* _THE DATA_:
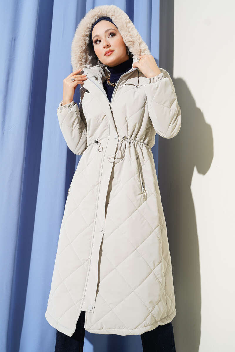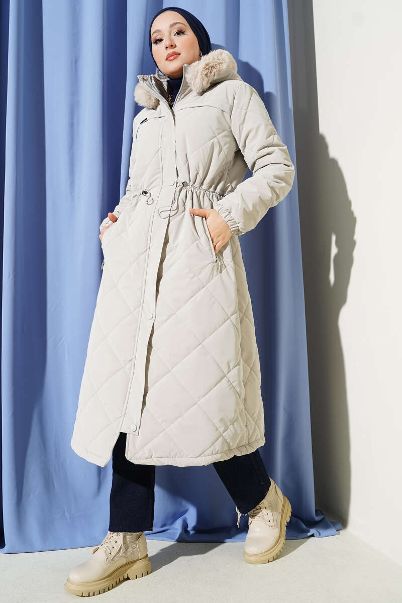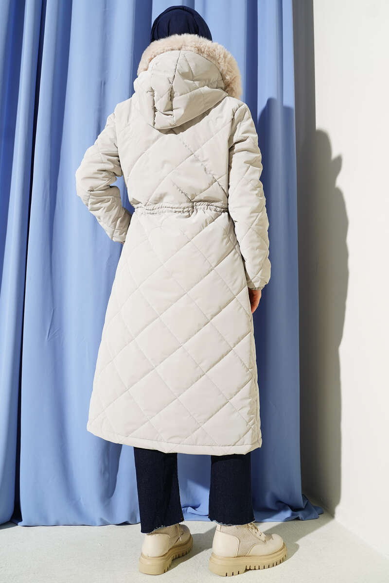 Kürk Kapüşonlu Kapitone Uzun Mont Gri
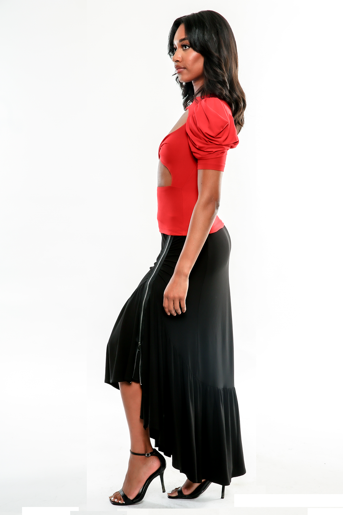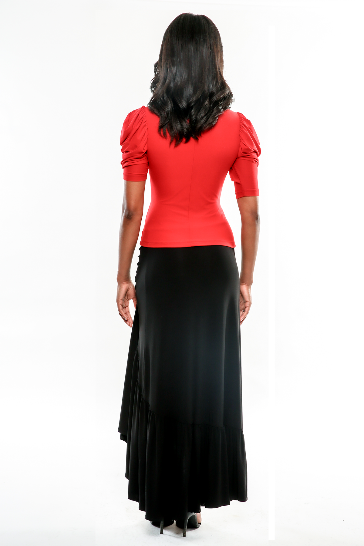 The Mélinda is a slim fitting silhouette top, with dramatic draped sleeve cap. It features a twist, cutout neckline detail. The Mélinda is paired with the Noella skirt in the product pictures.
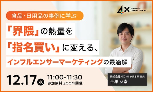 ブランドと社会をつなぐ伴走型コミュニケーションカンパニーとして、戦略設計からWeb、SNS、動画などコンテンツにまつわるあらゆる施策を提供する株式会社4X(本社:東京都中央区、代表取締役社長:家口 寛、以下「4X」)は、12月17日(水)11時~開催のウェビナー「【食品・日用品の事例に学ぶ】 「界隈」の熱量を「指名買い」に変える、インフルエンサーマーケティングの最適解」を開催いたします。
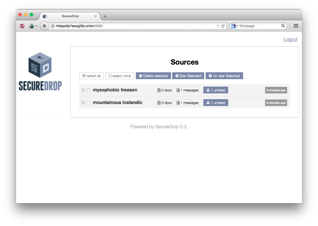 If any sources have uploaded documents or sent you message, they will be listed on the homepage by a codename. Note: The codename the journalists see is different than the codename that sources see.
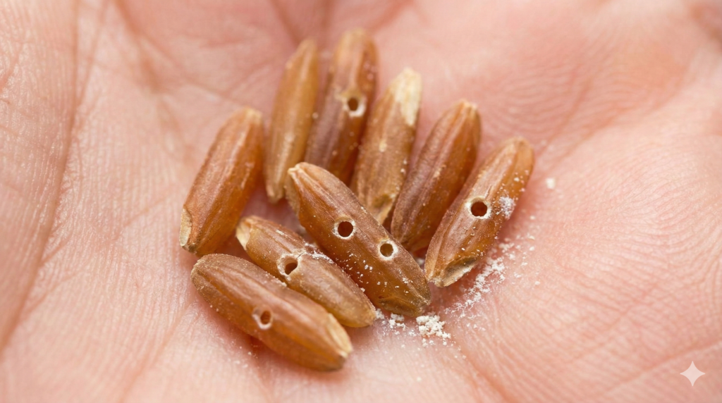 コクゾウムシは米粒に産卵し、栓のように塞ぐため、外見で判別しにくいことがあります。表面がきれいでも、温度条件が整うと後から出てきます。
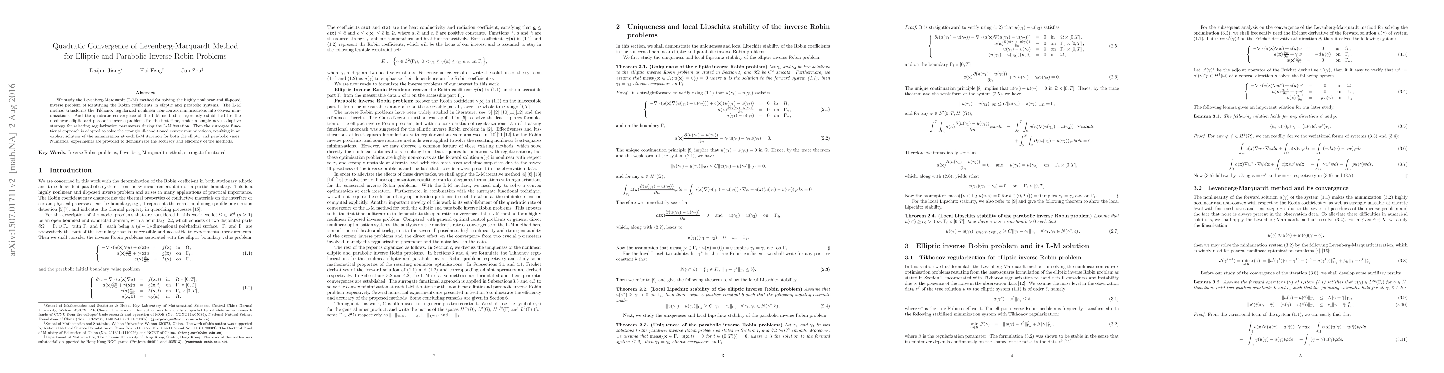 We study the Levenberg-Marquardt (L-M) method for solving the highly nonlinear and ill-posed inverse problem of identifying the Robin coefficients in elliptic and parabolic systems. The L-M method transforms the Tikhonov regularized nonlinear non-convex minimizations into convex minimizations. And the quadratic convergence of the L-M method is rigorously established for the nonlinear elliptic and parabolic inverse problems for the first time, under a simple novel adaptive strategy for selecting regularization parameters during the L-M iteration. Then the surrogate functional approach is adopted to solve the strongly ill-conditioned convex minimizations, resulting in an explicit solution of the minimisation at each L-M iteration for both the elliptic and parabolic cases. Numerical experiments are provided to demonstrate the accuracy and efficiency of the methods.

* * *

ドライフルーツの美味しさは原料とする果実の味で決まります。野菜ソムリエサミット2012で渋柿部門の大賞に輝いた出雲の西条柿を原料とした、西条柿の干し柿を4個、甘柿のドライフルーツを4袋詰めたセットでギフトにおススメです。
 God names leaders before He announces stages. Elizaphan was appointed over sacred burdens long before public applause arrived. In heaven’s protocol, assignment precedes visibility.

* _THE PROBLEM_: Above are some records; extract exactly the lines from the one containing "Kürk Kapüşonlu Kapitone Uzun Mont Gri" through the one containing "コクゾウムシは米粒に産卵し、" and drop the pictures.

* _YOUR RESPONSE_:
 Kürk Kapüşonlu Kapitone Uzun Mont Gri
 The Mélinda is a slim fitting silhouette top, with dramatic draped sleeve cap. It features a twist, cutout neckline detail. The Mélinda is paired with the Noella skirt in the product pictures.
 ブランドと社会をつなぐ伴走型コミュニケーションカンパニーとして、戦略設計からWeb、SNS、動画などコンテンツにまつわるあらゆる施策を提供する株式会社4X(本社:東京都中央区、代表取締役社長:家口 寛、以下「4X」)は、12月17日(水)11時~開催のウェビナー「【食品・日用品の事例に学ぶ】 「界隈」の熱量を「指名買い」に変える、インフルエンサーマーケティングの最適解」を開催いたします。
 If any sources have uploaded documents or sent you message, they will be listed on the homepage by a codename. Note: The codename the journalists see is different than the codename that sources see.
 コクゾウムシは米粒に産卵し、栓のように塞ぐため、外見で判別しにくいことがあります。表面がきれいでも、温度条件が整うと後から出てきます。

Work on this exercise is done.